The model correctly identified 166 of 181 valid reports. It missed 15 valid reports, producing a false negative rate of 8.29%. It also correctly rejected 3,084 of 3,437 invalid reports. The main trade-off appears in the 353 false positives: reports that the AI flagged as potential incidents but human validation marked as invalid.

This pattern supports the interpretation of the system as a high-recall triage mechanism. The model captured most valid incidents, but it did so by forwarding a larger set of non-valid reports for potential review.

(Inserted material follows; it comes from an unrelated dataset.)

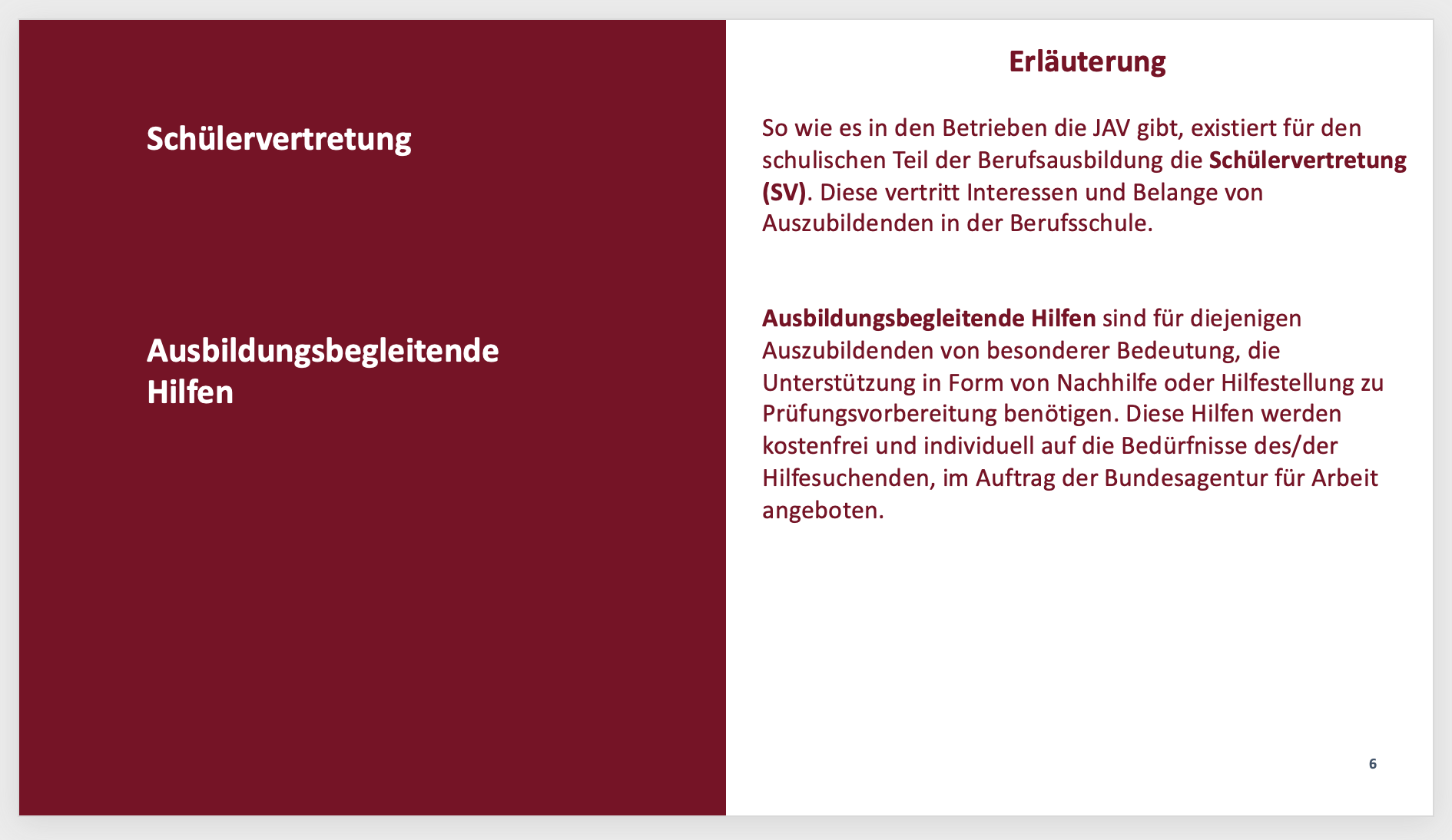 Während deiner Ausbildung wirst du mit einigen Institutionen und Interessenvertretungen in Berührung kommen. Die gesetzlichen Regelungen zur betrieblichen und schulischen Berufsausbildung sind komplex und liegen in den Aufgabenbereichen verschiedener Institutionen.

Table 5: Binary validity detection performance metrics.
Binary Validity Detection Metrics
Metric Value
Accuracy 0.8983
Precision 0.3198
Recall / Sensitivity 0.9171
Specificity 0.8973
False Positive Rate 0.1027
False Negative Rate 0.0829
F1 Score 0.4743
Figure 4: Performance metrics for binary validity detection.

Table 5 and Figure 4 clarify the model’s operating profile. Accuracy was high at 0.8983, but this metric must be interpreted against the severe class imbalance shown in Table 2. The more informative result is the contrast between recall and precision. Recall reached 0.9171, indicating that the model surfaced more than nine out of ten valid reports. Precision was 0.3198, meaning that many AI-flagged reports were not validated by humans.

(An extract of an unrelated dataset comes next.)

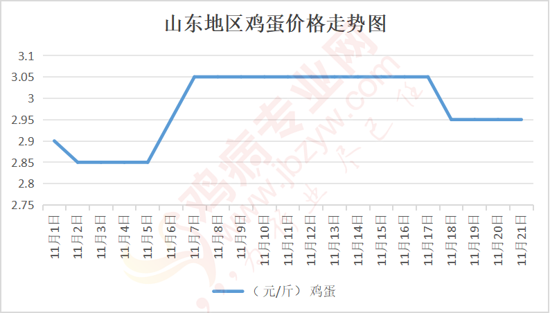 鸡病专业网消息:11月21日,山东地区莱阳鸡蛋2.95元/斤,稳;青岛鸡蛋2.95元/斤,稳;诸城鸡蛋3元/斤,稳;安丘鸡蛋2.9元/斤,稳;昌乐鸡蛋2.9元/斤,稳;寿光鸡蛋2.9元/斤,稳;昌邑鸡蛋2.9元/斤,稳;高密鸡蛋3元/斤,稳;青州鸡蛋2.9元/斤,稳;临朐鸡蛋2.9元/斤,稳;莱州鸡蛋2.95元/斤,稳;威海鸡蛋2.95元/斤,稳;临沭鸡蛋2.9元/斤,稳;沂水鸡蛋2.9元/斤,稳;沂南鸡蛋2.9元/斤,稳;莒南鸡蛋2.9元/斤,稳;兰陵县鸡蛋2.9元/斤,稳;日照鸡蛋2.9元/斤,稳;莒县鸡蛋2.9元/斤,稳;日照辛萁商贸鸡蛋2.9元/斤,稳;泗水鸡蛋价格84元/30斤,稳;济宁、汶上鸡蛋价格84元/30斤,稳;梁山、东平红蛋价格84元/30斤,稳;枣庄滕州地区鸡蛋混码主流到户86元/30斤,稳;泰安地区新泰鸡蛋价格84元/30斤,稳;菏泽地区曹县主流到户84元/30斤,稳;成武鸡蛋价格84元/30斤,稳;单县到户84元/30斤,稳;聊城莘县84元/30斤,稳。

From a signal detection perspective, this is a low-threshold classification profile. The system favors sensitivity over selectivity. In an election monitoring context, such a design can be defensible if the cost of missing valid incidents exceeds the cost of reviewing additional false positives. It also means that the system should not be treated as an autonomous classifier. Its output still requires human verification.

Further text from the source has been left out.